Surprising no one, Matt Rosenburg’s art direction in What’s The Furthest Place From Here #1 is just as cool as the plot construction. There’s so much to unpack in character design, settings, color choice, and panel direction here. First off, the very nature of this comic’s concept demands a roster of easily recognizable hooligan survivalists. Rosenburg & Co. deliver. Characters are inked and drawn with immaculate detail to bring them to life. The Academy as a whole looks like the same folks who you see at your local underground punk/hardcore/ metal venue. Considering the music Boss and Rosenburg admit to listening to while making this comic, this visual choice makes to much sense. Every alt hairstyle meshes with shredded jeans, fishnets, torn tank tops and olive-colored cargo jackets. Ah, I can smell the PBR and American Spirits.
The real treat in this comic’s visuals is its direction. There isn’t an adherence to a specific panel structure. Really, in that regards it’s relatively bog-standard. However, it’s clear that the intention was just to use however many panels it took to do the job. Close-ups on important detail pieces that we will need to remember are balanced out by sometimes lengthy conversation pages. The shifting perspectives from different people in a conversation, or even panels focusing on a group as a whole, really set a sense of place and noise within the setting.
There’s a party scene in the record store where everyone in the party is being shown even though the dialogue focus is only on two or three characters. Rosenburg and Boss give the whole group attention, even if only a couple are moving the narrative forward. This actually gave me the impression of a Robert Altman film, where so much is happening and the setting is full of noise, making the comic feel more alive.
The coloring (with assistance from Claire DeZutti) is tonally rich and varied from scene to scene.
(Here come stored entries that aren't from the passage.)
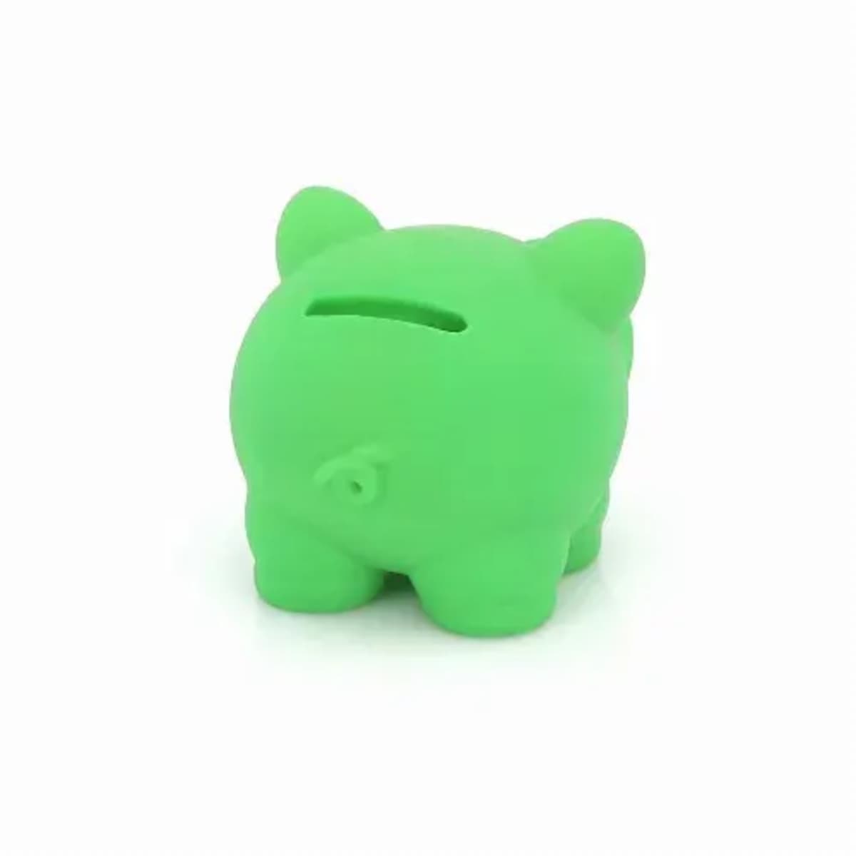 Piggy bank with soft rubber finish in bright tones..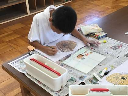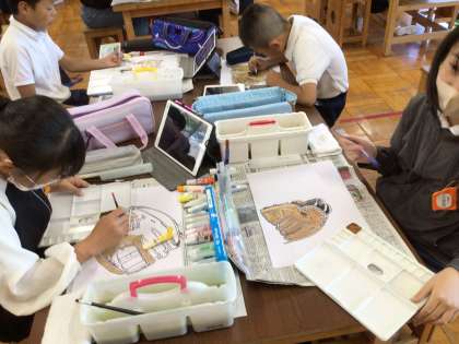 図工で大谷選手からいただいたグローブのデッサンをしています。もうすぐ完成です。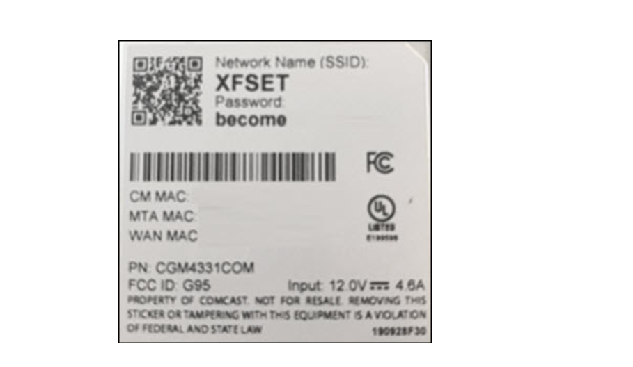 Cerca un’etichetta Xfinity o xFi sul dispositivo o controlla il nome del modello sul pannello inferiore. Puoi anche aprire l’app Xfinity per verificare il modello di gateway rilevato sul tuo account.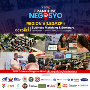 The Philippine Franchise Association (PFA) is all set to bring the final leg of its premier Regional Franchise Show, Franchise Negosyo Para sa Region V (Legazpi), on Friday, Oct. 3, 2025, at the Mall Atrium area of SM City Legazpi.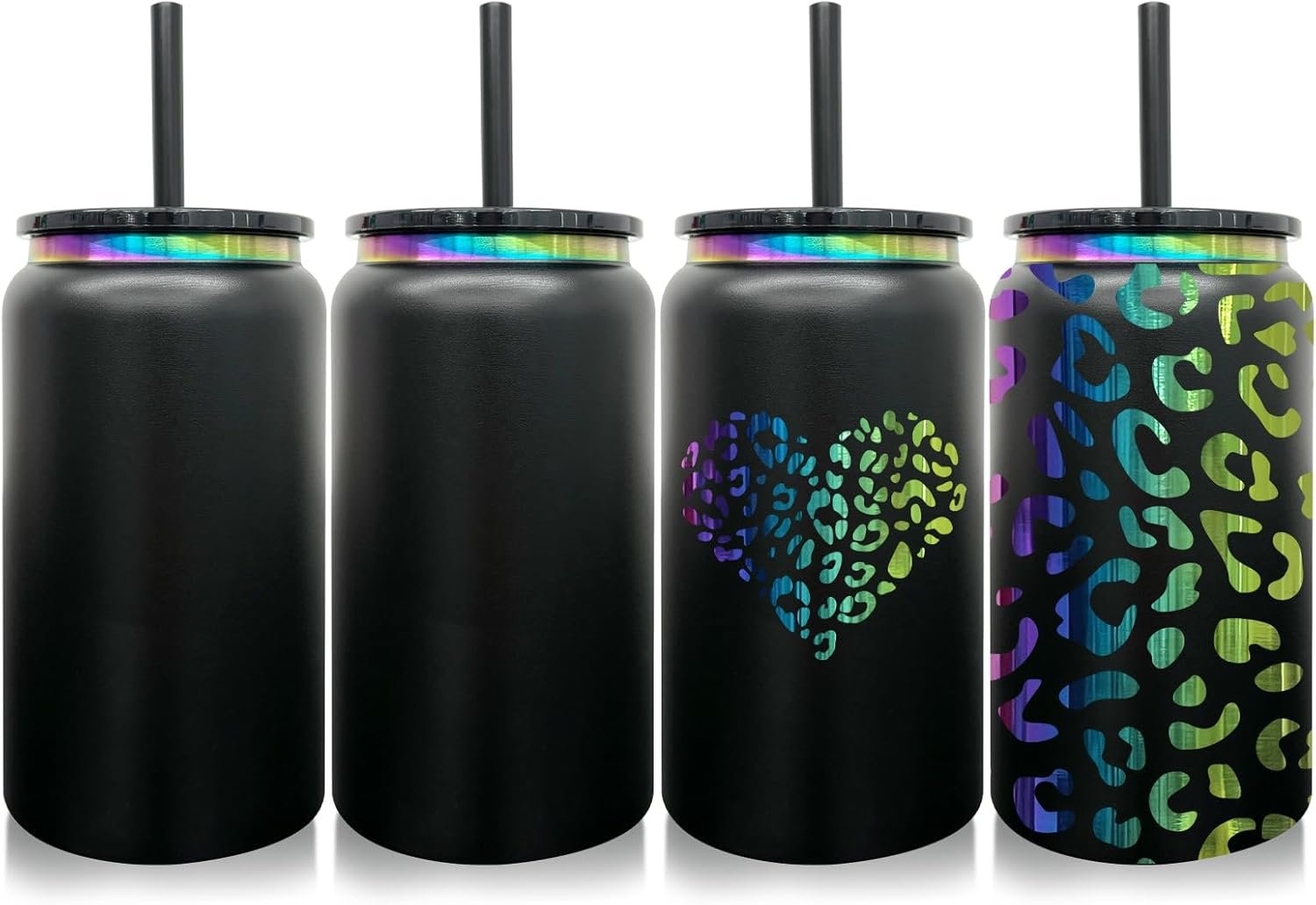 【Colored Powder Coated Tumbler】Different from other stainless steel tumblers, our tumblers are rainbow-plated, they are perfect for laser engraving, vinyl decals or color painting; the rainbow underneath will be revealed after laser engraving. You can create your own personalized tumbler with your own art form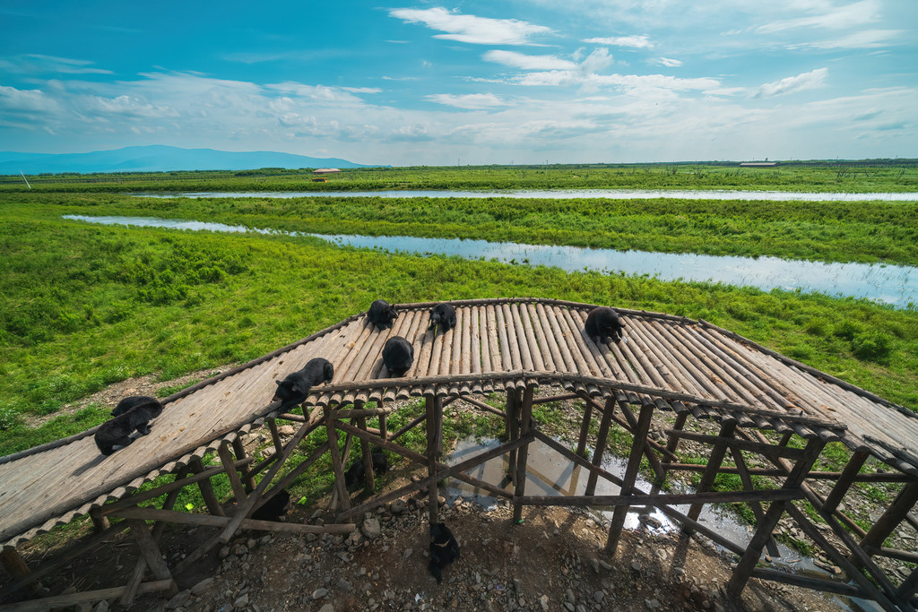 湿地公园是黑瞎子岛上原始自然风光与人为建筑最为完美结合的景点之一。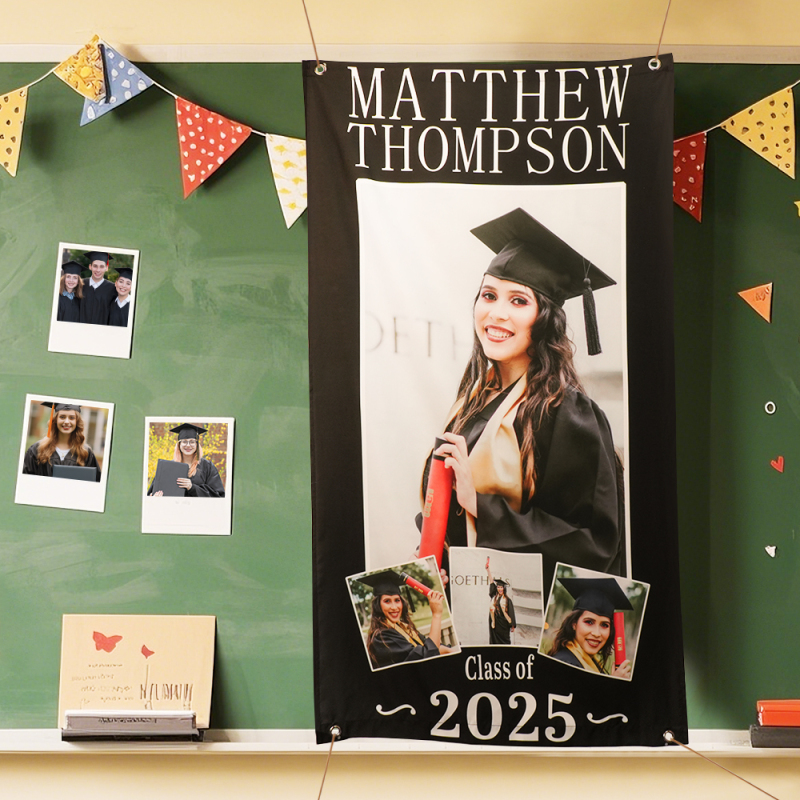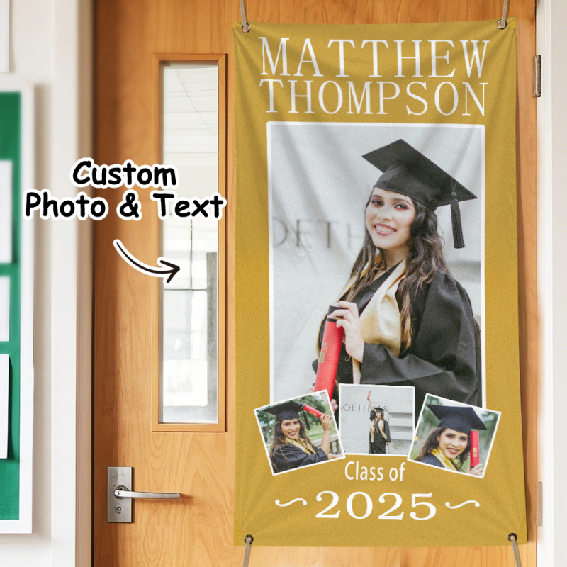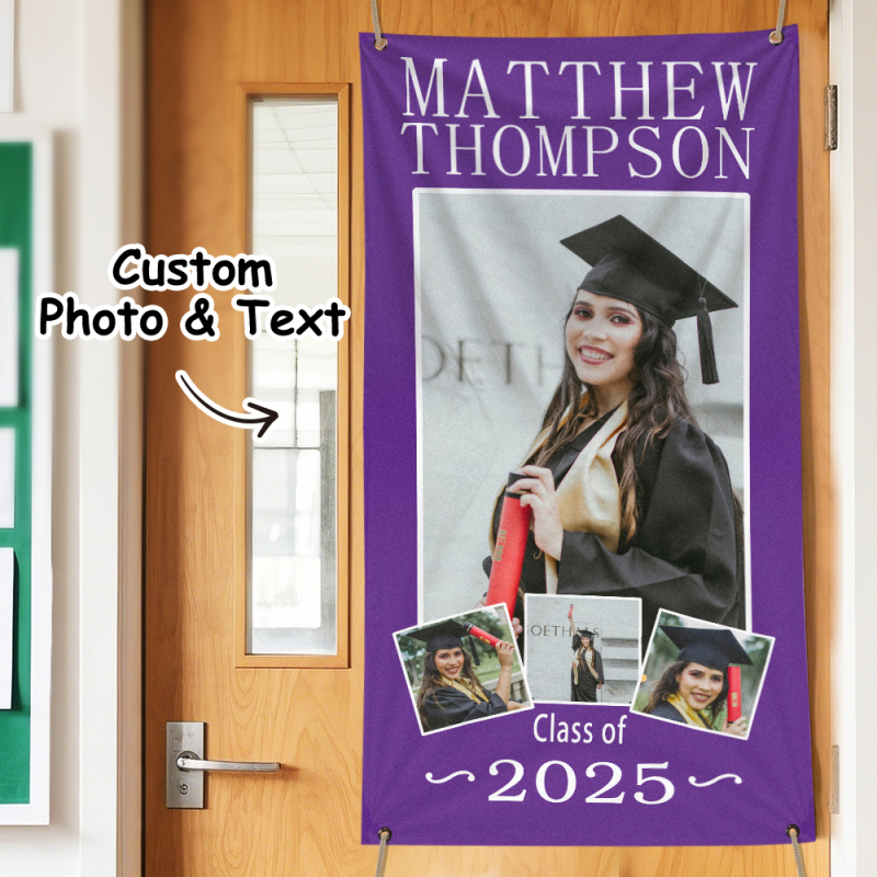 Celebrate your special achievement with our customizable Graduation Photo Banner. Made to showcase your proudest moment, this "Picture of Success" banner serves as a memorable home decor or graduation gift. Personalize it with your own photo and message to create a unique keepsake that honors your journey and success.

There’s a sort of flat tone carried over each page, but it changes drastically in each setting. The record store has a constant red tinge to it that is reminiscent of a film developing room – or even more fitting, the backlighting of an underground venue. Every surface pops in its own right, and every panel looks like it could be an alt album cover. The lettering from Hassan Otsmaine-Elhaou is distinct and perfect for this comic. There’s a definite hand-drawn feeling to the font and how dynamic it is. The text in the word bubbles flows with its size and bold changes in a way that is difficult to describe without actually experiencing it. Every aspect of this comic’s art is absolutely top-tier, and is a massively cool piece of creativity altogether.
What’s The Furthest Place From Here #1 is, in my professional opinion, an absolute ripping ass-kicker of a comic. Boss and Rosenburg are two creators at the height of their storytelling creativity and this issue shows. A mix of The Warriors, Mad Max, and the sensibilities of My Chemical Romance’s Danger Days, this is an impossibly cool mix of styles and mediums into comics. Please be sure to grab this comic when it hits shelves on 11/10!